Collection entries
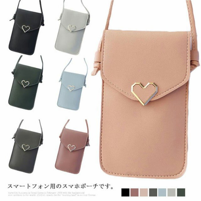 送料無料 入れたまま操作! ハート スマホショルダー レディース スマホポーチ スマホショルダー フォンケース ポシェット サコッシュ スマホバッグ カード ショルダーバッグ ミニ 肩掛け 斜めがけ 縦型 おしゃれ かわいい シンプル メール便
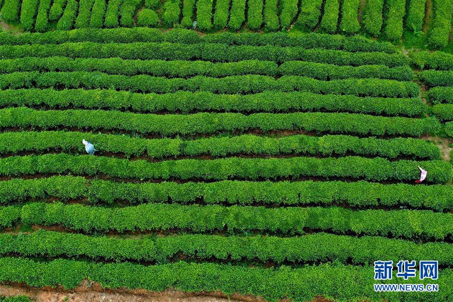 4月25日,茶農(nóng)在“扶貧茶園”內(nèi)采茶(無人機(jī)照片)。谷雨過后,在貴州省黔東南苗族侗族自治州丹寨縣“扶貧茶園”,茶農(nóng)搶抓農(nóng)時趕制春茶。丹寨縣創(chuàng)新產(chǎn)業(yè)扶貧模式,鼓勵社會公眾線上認(rèn)領(lǐng)茶園,再由茶園聘請當(dāng)?shù)刎毨魟?wù)工,為貧困戶創(chuàng)造茶園管理、采茶、制茶等就業(yè)機(jī)會,幫助貧困戶增收。今年以來,“扶貧茶園”已接受線上預(yù)訂600余畝,給當(dāng)?shù)?00余名村民提供了就業(yè)機(jī)會。新華社記者歐東衢攝
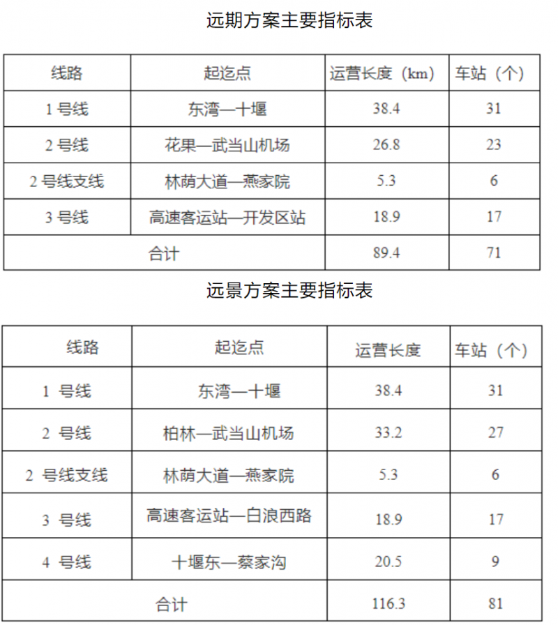 4号线:枢纽连接线,线路起于十堰东高铁站,终于蔡家沟,线路长20.5km,设站9座,平均站间距2.56km。
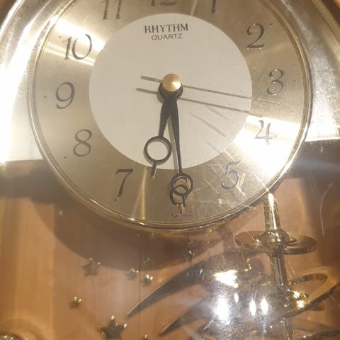 Erinomaisessa kunnossa oleva Rhythm pöytäkello. Patterinvaihdolla aikaan.
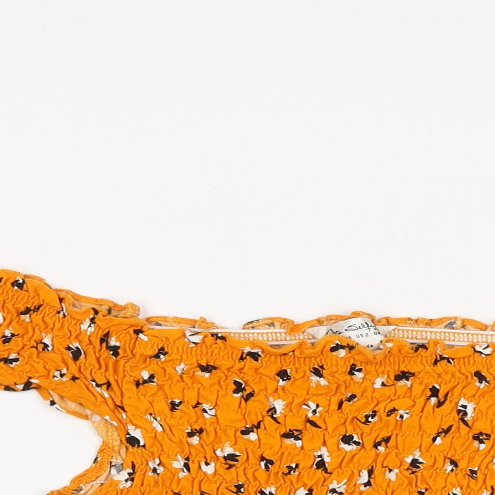 Miss Selfridge Womens Orange Geometric Polyester Cropped Blouse Size 6 Off the Shoulder

» **PROBLEM DETAILS**: Each entry above must be duplicated precisely; none of the pictures may be included.

» **OUTPUT**:
 送料無料 入れたまま操作! ハート スマホショルダー レディース スマホポーチ スマホショルダー フォンケース ポシェット サコッシュ スマホバッグ カード ショルダーバッグ ミニ 肩掛け 斜めがけ 縦型 おしゃれ かわいい シンプル メール便
 4月25日,茶農(nóng)在“扶貧茶園”內(nèi)采茶(無人機(jī)照片)。谷雨過后,在貴州省黔東南苗族侗族自治州丹寨縣“扶貧茶園”,茶農(nóng)搶抓農(nóng)時趕制春茶。丹寨縣創(chuàng)新產(chǎn)業(yè)扶貧模式,鼓勵社會公眾線上認(rèn)領(lǐng)茶園,再由茶園聘請當(dāng)?shù)刎毨魟?wù)工,為貧困戶創(chuàng)造茶園管理、采茶、制茶等就業(yè)機(jī)會,幫助貧困戶增收。今年以來,“扶貧茶園”已接受線上預(yù)訂600余畝,給當(dāng)?shù)?00余名村民提供了就業(yè)機(jī)會。新華社記者歐東衢攝
 4号线:枢纽连接线,线路起于十堰东高铁站,终于蔡家沟,线路长20.5km,设站9座,平均站间距2.56km。
 Erinomaisessa kunnossa oleva Rhythm pöytäkello. Patterinvaihdolla aikaan.
 Miss Selfridge Womens Orange Geometric Polyester Cropped Blouse Size 6 Off the Shoulder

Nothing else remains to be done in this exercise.